BEGIN Data records

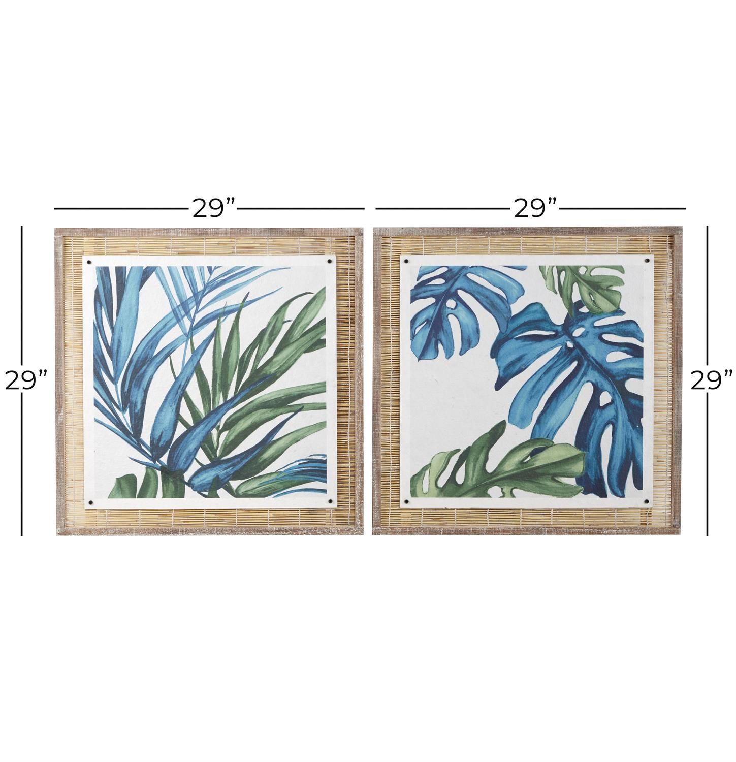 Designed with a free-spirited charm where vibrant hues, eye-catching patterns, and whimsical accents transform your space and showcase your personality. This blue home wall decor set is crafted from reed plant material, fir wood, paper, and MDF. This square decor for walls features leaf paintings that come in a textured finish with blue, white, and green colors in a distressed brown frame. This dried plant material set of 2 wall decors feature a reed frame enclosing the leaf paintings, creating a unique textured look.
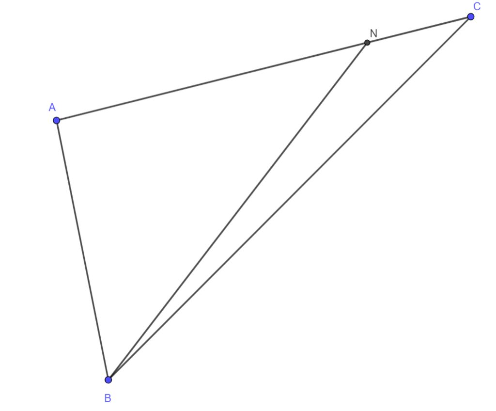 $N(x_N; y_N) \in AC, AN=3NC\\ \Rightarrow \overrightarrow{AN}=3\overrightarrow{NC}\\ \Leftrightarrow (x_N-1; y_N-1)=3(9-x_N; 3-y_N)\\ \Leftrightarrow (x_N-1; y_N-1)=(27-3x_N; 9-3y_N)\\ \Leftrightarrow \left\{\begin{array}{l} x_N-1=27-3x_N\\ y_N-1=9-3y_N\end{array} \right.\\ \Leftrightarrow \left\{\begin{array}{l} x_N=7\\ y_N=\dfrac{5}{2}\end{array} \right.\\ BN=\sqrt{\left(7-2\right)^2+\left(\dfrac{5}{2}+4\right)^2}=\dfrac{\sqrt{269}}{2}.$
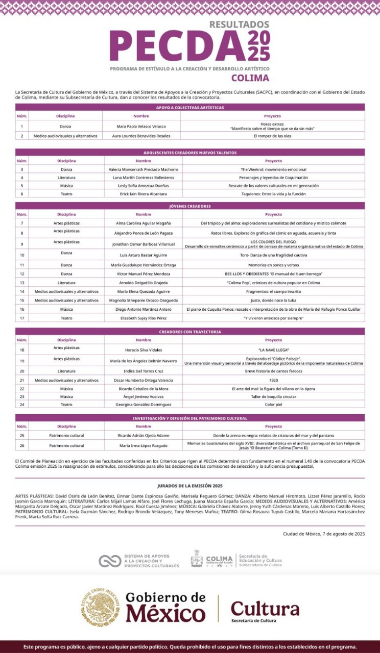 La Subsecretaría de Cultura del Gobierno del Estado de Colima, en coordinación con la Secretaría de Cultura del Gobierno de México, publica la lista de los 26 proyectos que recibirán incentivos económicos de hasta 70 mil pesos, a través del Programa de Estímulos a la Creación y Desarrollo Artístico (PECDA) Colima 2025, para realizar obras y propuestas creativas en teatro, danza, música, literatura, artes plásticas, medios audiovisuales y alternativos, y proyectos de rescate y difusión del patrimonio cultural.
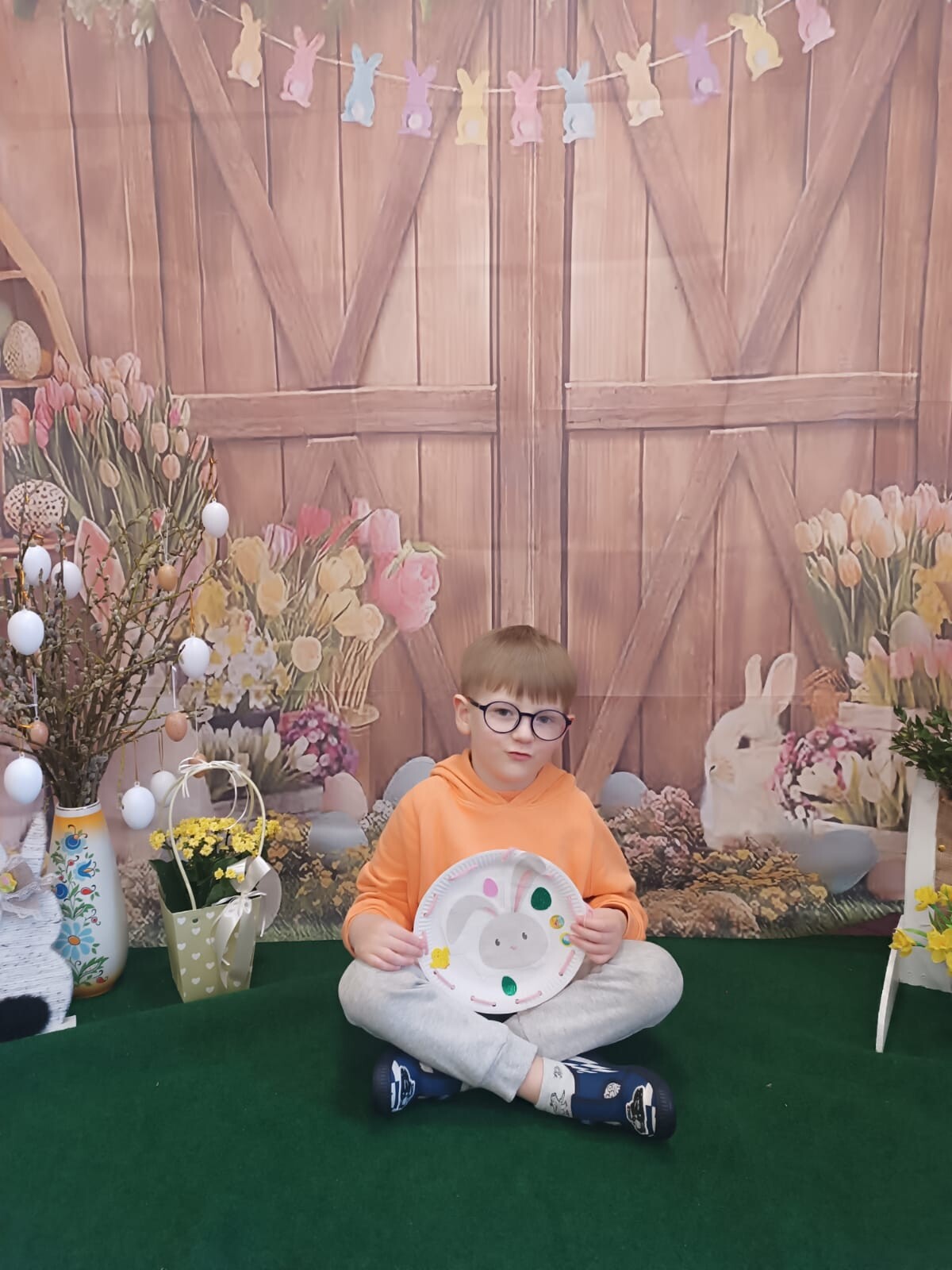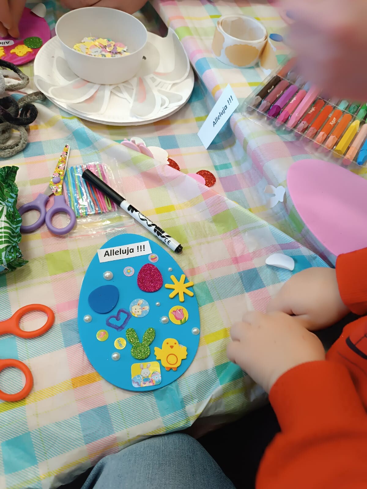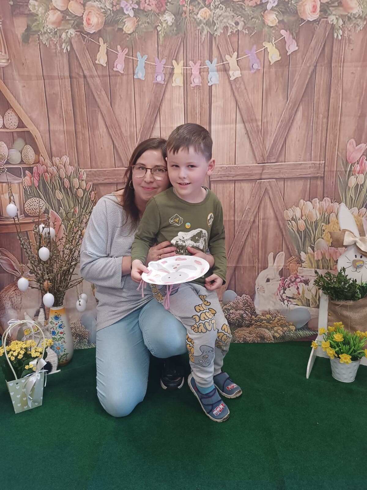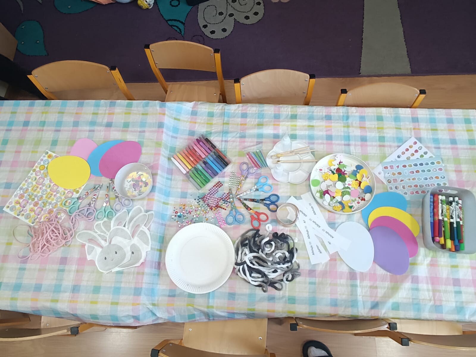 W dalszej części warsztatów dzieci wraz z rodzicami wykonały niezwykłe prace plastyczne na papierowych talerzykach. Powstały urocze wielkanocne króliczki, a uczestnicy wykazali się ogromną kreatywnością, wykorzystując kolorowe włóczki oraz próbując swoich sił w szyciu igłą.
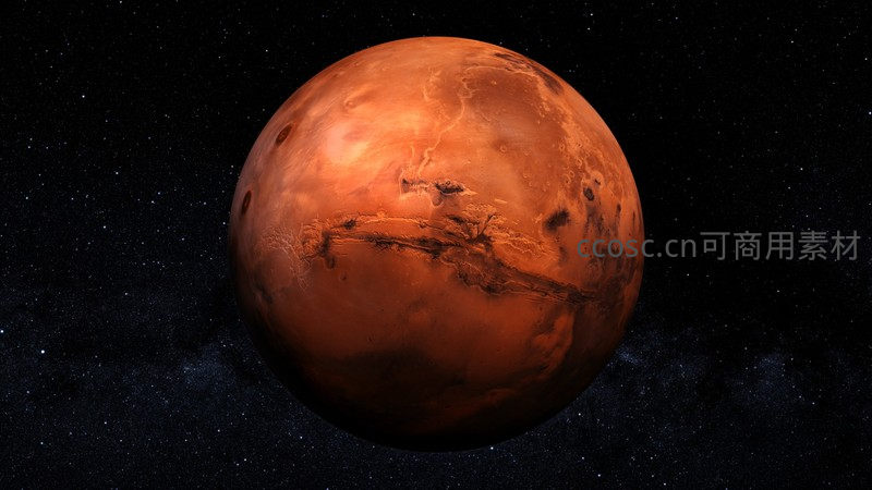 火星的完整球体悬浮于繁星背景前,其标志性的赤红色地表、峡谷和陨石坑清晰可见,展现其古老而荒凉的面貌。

END Data records
BEGIN Data records

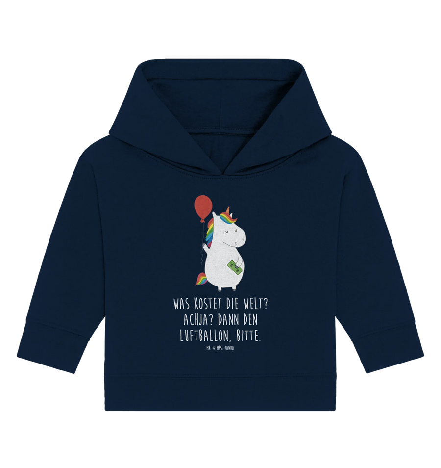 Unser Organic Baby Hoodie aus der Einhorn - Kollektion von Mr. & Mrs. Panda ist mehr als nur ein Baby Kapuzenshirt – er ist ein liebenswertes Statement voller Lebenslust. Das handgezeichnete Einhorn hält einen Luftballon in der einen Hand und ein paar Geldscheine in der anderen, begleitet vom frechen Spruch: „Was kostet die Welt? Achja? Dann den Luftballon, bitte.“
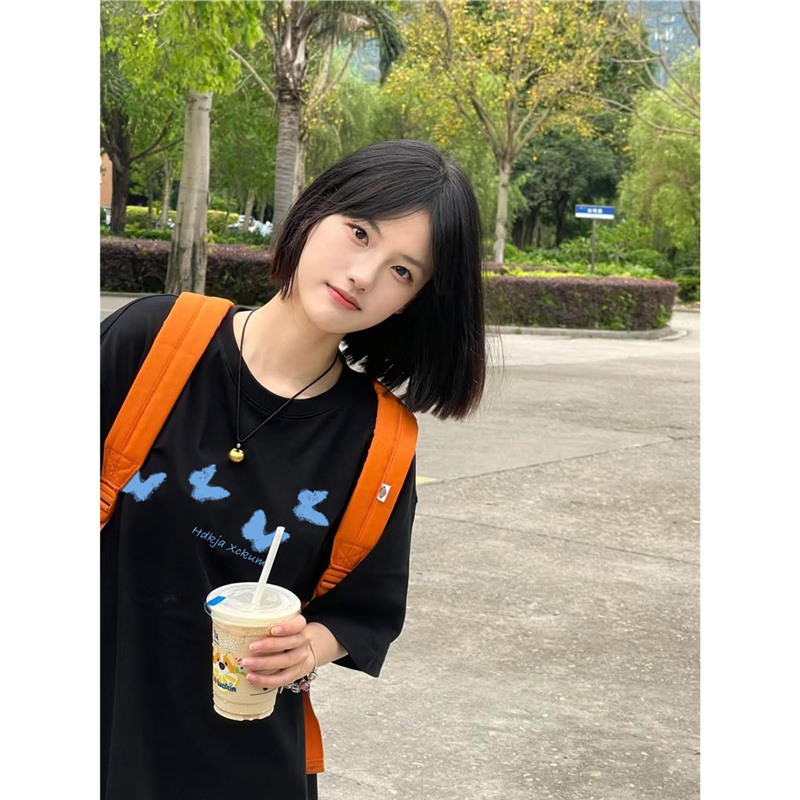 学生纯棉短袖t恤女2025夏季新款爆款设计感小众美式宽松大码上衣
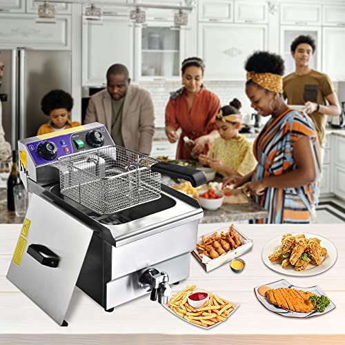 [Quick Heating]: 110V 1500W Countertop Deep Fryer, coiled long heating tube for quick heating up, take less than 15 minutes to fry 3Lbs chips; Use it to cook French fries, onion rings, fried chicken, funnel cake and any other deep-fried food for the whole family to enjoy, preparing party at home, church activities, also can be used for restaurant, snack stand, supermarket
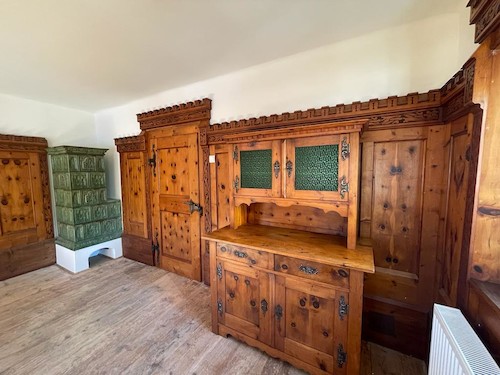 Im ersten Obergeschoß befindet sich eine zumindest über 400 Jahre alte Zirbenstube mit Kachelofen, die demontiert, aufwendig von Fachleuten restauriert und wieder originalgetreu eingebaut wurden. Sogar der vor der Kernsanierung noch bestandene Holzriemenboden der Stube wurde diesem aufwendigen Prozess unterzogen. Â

END Data records

What is expected
Nothing but the lines from the one containing "Designed with a" through the one containing "AC, AN=3NC\\ \Rightarrow" should appear, copied exactly from the material above and without pictures.

Problem solution
 Designed with a free-spirited charm where vibrant hues, eye-catching patterns, and whimsical accents transform your space and showcase your personality. This blue home wall decor set is crafted from reed plant material, fir wood, paper, and MDF. This square decor for walls features leaf paintings that come in a textured finish with blue, white, and green colors in a distressed brown frame. This dried plant material set of 2 wall decors feature a reed frame enclosing the leaf paintings, creating a unique textured look.
 $N(x_N; y_N) \in AC, AN=3NC\\ \Rightarrow \overrightarrow{AN}=3\overrightarrow{NC}\\ \Leftrightarrow (x_N-1; y_N-1)=3(9-x_N; 3-y_N)\\ \Leftrightarrow (x_N-1; y_N-1)=(27-3x_N; 9-3y_N)\\ \Leftrightarrow \left\{\begin{array}{l} x_N-1=27-3x_N\\ y_N-1=9-3y_N\end{array} \right.\\ \Leftrightarrow \left\{\begin{array}{l} x_N=7\\ y_N=\dfrac{5}{2}\end{array} \right.\\ BN=\sqrt{\left(7-2\right)^2+\left(\dfrac{5}{2}+4\right)^2}=\dfrac{\sqrt{269}}{2}.$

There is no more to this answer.